Taking a look at our collaborations. In total, we now have 15 collaborations, including over 2.8 million potential patients and a TAM of roughly $2.5 billion, roughly 2x our original aspirations. With the execution of our Q1 collaboration and our current pipeline of new opportunities, we are one step closer to our milestone of ending '23 with 20 total collaborations. We feel we have a clear line of sight to our 26th commercialization goal with multiple Phase III opportunities. As we look to the rest of '23 with the pace of pipeline to a signed deal, we expect our collaborations to increase in the back half of 2023. Thanks to the team for a great start to 23. I will now turn the call over to Tom to review our financial results and guidance.
Thank you, Linda, and good afternoon, everyone. I'm excited to report a strong quarter of 18% growth with total net sales of $7.4 million, an increase of $1.2 million over the prior year. Domestic Core led with 15% revenue growth that was driven by increases in volume for pumps and consumables from new account wins in our key specialty pharmacy accounts and continued strength in prefilled penetration. International core net revenues increased by 23%, with growth across several key markets. Driven by international expansion efforts and increased availability of SCIg drug, Novel Therapies net revenues grew by 62% driven by a nonrecurring engineering innovation service agreement with revenue supporting progression toward a clinical supply milestone. As we look at our gross margin, we can think about margin progression in 2 halves for 2023.
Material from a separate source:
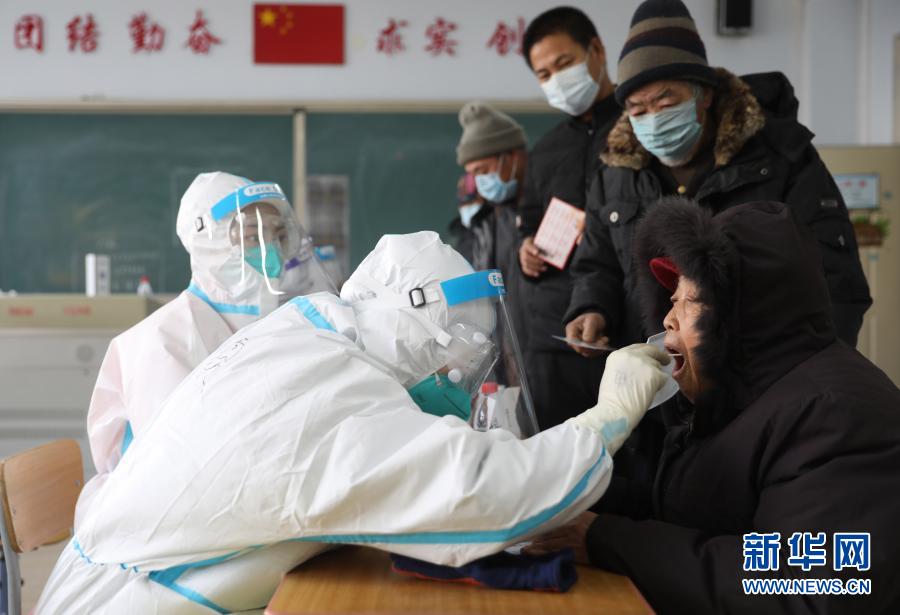 1月11日,在沈阳市铁西区彰驿学校检测点,居民接受核酸采样。新华社记者 杨青 摄
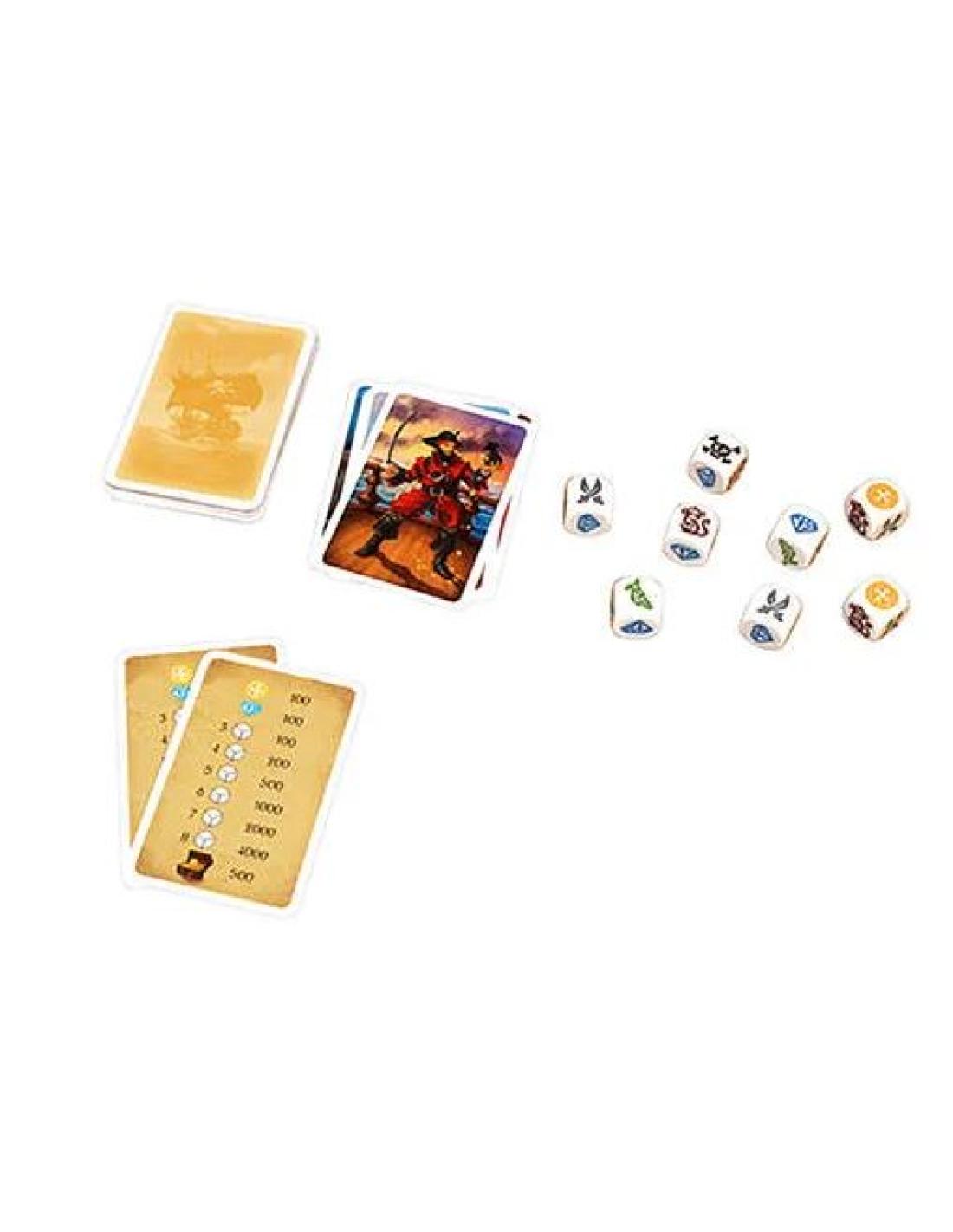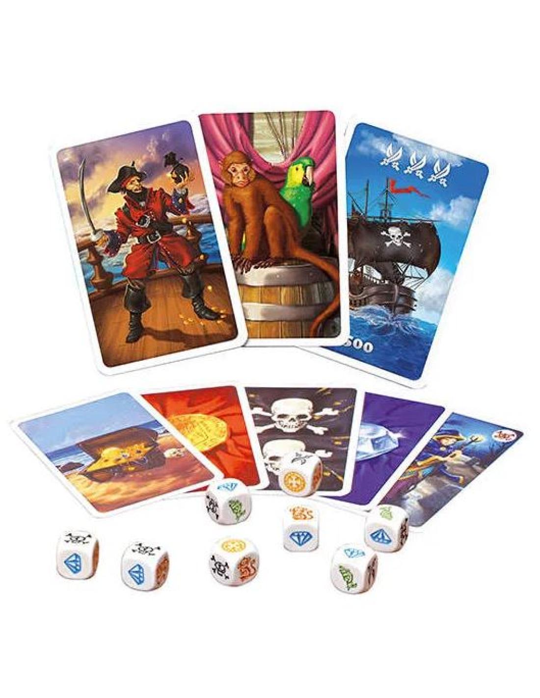 Glissez-vous dans la peau d'un vieux loup de mer et organisez des parties de dés endiablées ! A l'aide des déroutantes cartes Pirate, défiez la chance et vos adversaires pour réaliser des combinaisons de dés et marquez un maximum de points. A votre tour, révélez une carte Pirate qui va influer sur votre tirage. Puis, lancez les dés et tentez de réaliser la meilleure combinaison : vous pouvez relancer autant de fois que vous le souhaitez mais attention aux trois têtes de mort ou vous rentrerez les mains vides ! Réservé aux pirates qui n'ont pas froid aux yeux !

In the first half, we expect margins to range from 55% to 57%. We are on track with the 56.1% gross margin reported in the quarter. During the quarter, we completed our manufacturing transition to a third-party CMO, and we consolidated manufacturing into our new site in Mala, New Jersey. This consolidation allowed us to close down and exit our Chester facility. In Q2, we will be recognizing on the P&L the incremental costs incurred from Q1 during the manufacturing transition period and, therefore, expect to see a similar margin profile to Q1. As we look at the second half of the year, we expect significant improvements in gross margin with 2 full quarters of lower-cost outsourced products, lower labor and overhead, and improved efficiency in Modelo. This will lead us to achieving strong second-half margins and a plan to exit the year at a gross margin rate between 60% and 62%.
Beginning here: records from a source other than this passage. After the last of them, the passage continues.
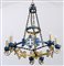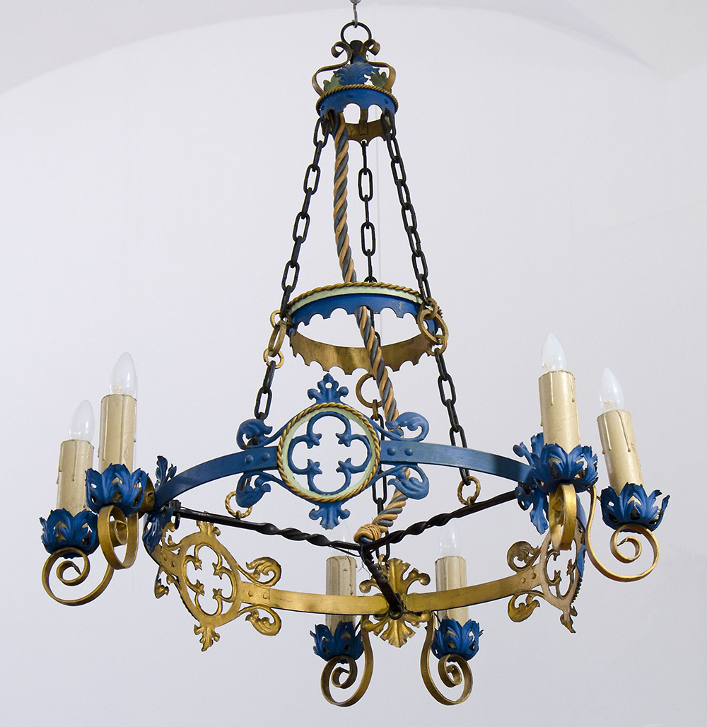 Grande lampadario in ferro battuto dipinto e dorato a sezione rotonda, a 6 luci.
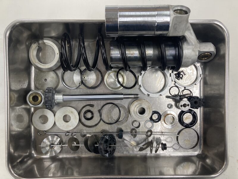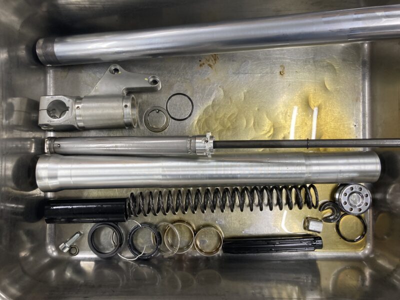 今回はMH900eに純正装着のMARZOCCHI製フロントフォークと、PAIOLI製リヤショックのフルメンテナンスをご依頼いただきました。
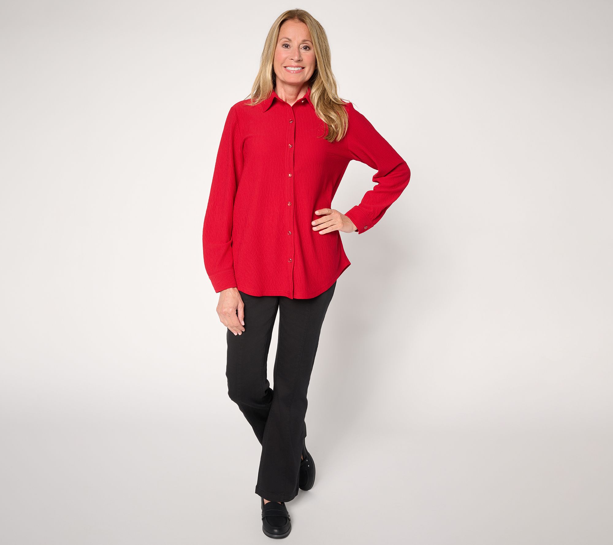 Susan Graver Textured Knit Button Front Shirt

Our cash balance at the end of Q1 was $12.2 million and represented a $5.2 million decrease from the beginning of the year. Similar to last year, we plan for a higher level of cash burn in the first half than in the second half. For instance, you might recall that our cash burn in the first half of 2022 was about $7 million, and we reduced that to under $1 million in the second half. We expect a similar cash usage pattern this year. We're about a 90-10 split between the first and second half. Given this pattern, I want to spend a few minutes on first-quarter cash burn, and we'll come back to the outlook and expectations for the remainder of the year on the guidance slide. As we look at the usage of the $5.2 million of cash in the quarter, we saw the majority, or $2.8 million coming from working capital in 3 major areas: in the form of higher accounts receivable driven by higher March revenues, a higher level of transition inventory to avoid supply disruption as we move manufacturing locations and a higher level of payments driven by bonus and year-end accruals.
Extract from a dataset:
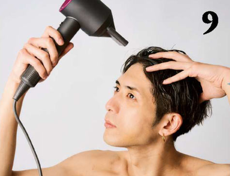 ドライヤーは、ヘッドを10~15cm離し、左右に振りながら上から下に風を当てる。こうすると、濡れて開いたキューティクルが閉じやすくなり、ツヤやまとまりのある髪へ仕上がる!

Net losses, excluding noncash items, were $1.8 million, of which the biggest driver was total operating expenses for the first quarter of 2023 of $7.2 million, primarily due to innovation investments in research and development. We expect a lower overall cash burden in 2023 and continue to prioritize our expenses and capital plans according to our revenue growth goals. We will come back to the cash outlook on the next slide. We reaffirm our year-end guidance of a cash balance greater than $10 million, driven by working capital improvements, revenue growth, and gross margin expansion. We are reaffirming our outlook and expect the following for the full year 2023, revenue to be between $32.5 million to $33.5 million, representing growth in the range of 17% to 20%. And as previously stated, we have identified several key milestones we will attract throughout the year that will serve as the foundation for revenue growth. These include an expanded Novel Therapies pipeline with 5 additional new collaborations, expecting more of these in the back half with one already signed, bringing our total collaborations to at least 20 by the end of the year and 2 to 510(k) filings in the second half of the year.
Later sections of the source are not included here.